The Shiller P/E compares the price of a broad market index, such as the S&P 500 (SNPINDEX: ^GSPC), to its average inflation-adjusted earnings per share over the past 10 years. Its purpose is to give investors a long-term sense of whether the index looks expensive (or cheap) by smoothing out short-term profit swings.
The CAPE ratio was one of the metrics that helped Shiller identify the dot-com bubble just before it popped in March 2000. Now, in December 2025, the market is back in the same range, which has some investors feeling very, very uneasy.
The CAPE ratio may be flashing a warning sign
Since the early 1870s, the Shiller P/E has historically been in the double-digit range, yet only twice has it exceeded 40.
The first was during the dot-com bubble, when the Shiller P/E reached as high as 44 before the market crumbled.
The second is happening right now. After a strong 2025 performance, fueled by artificial intelligence and the Magnificent Seven, the S&P 500's Shiller P/E has been hovering around 39 to 40.

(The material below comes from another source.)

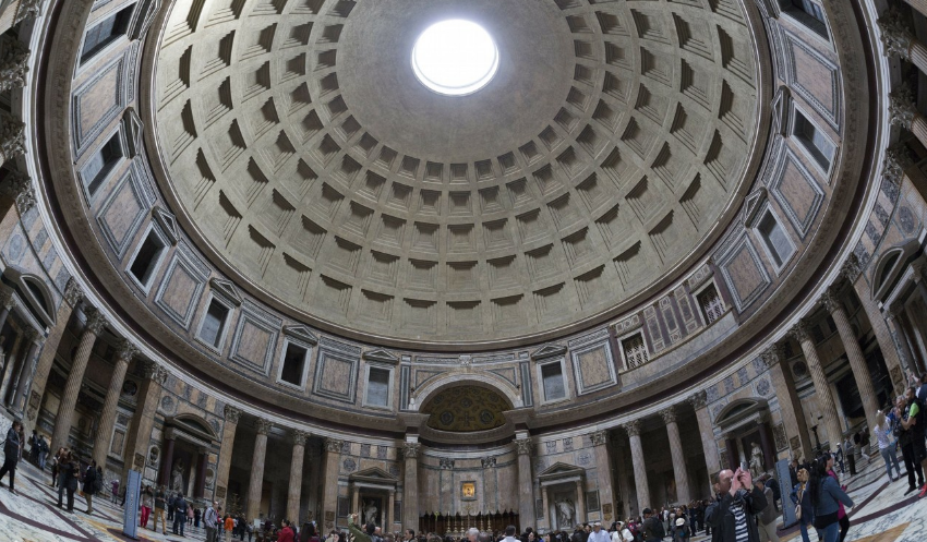 萬神殿下半部為空心圓柱形,從高度一半的地方開始,上半部為半球形的穹頂。 萬神殿的基礎(chǔ)部分底部寬7.3米,墻和穹頂?shù)撞亢襁_(dá)6米,穹頂頂部厚1.5米。為了減輕穹頂?shù)闹亓?,建筑師巧妙地在穹頂?nèi)表面作了28個(gè)凹格,分成5排,同時(shí),在墻上有門的的前提下還開了7個(gè)凹室作為祭龕,這些祭龕里原來放的可能是神像,一些名人的墓穴。

"Meta, Microsoft, Amazon and others are spending tens of billions of dollars to build or lease hyperscale data centres that may define the next phase of computing. In fact, it most likely will. But this exponential, debt-funded capex also has the hallmarks of a late-cycle surge in spending that can trigger multiple re-ratings and credit stress.
History rarely rewards lenders who finance capital-intensive growth booms at their peak. In the late 1990s, telecom companies borrowed heavily to lay fibre-optic cables, confident that data demand would ensure adequate returns. Although the infrastructure transformed the economy, it generated little return on investment for years.
In the mid-2000s, wildcatters levered up to chase $100 oil. The shale revolution reshaped US energy production, yet the companies behind the build-out still endured long periods of weak returns and balance-sheet pressure. Both episodes ended the same way: overcapacity, writedowns and years of debt overhang, despite laying the groundwork for genuine economic change."
Not really surprising that the debt is greater than cash on hand. The buildout has gotten really extreme at this point. Basically eating everything in economy from credit to RAM.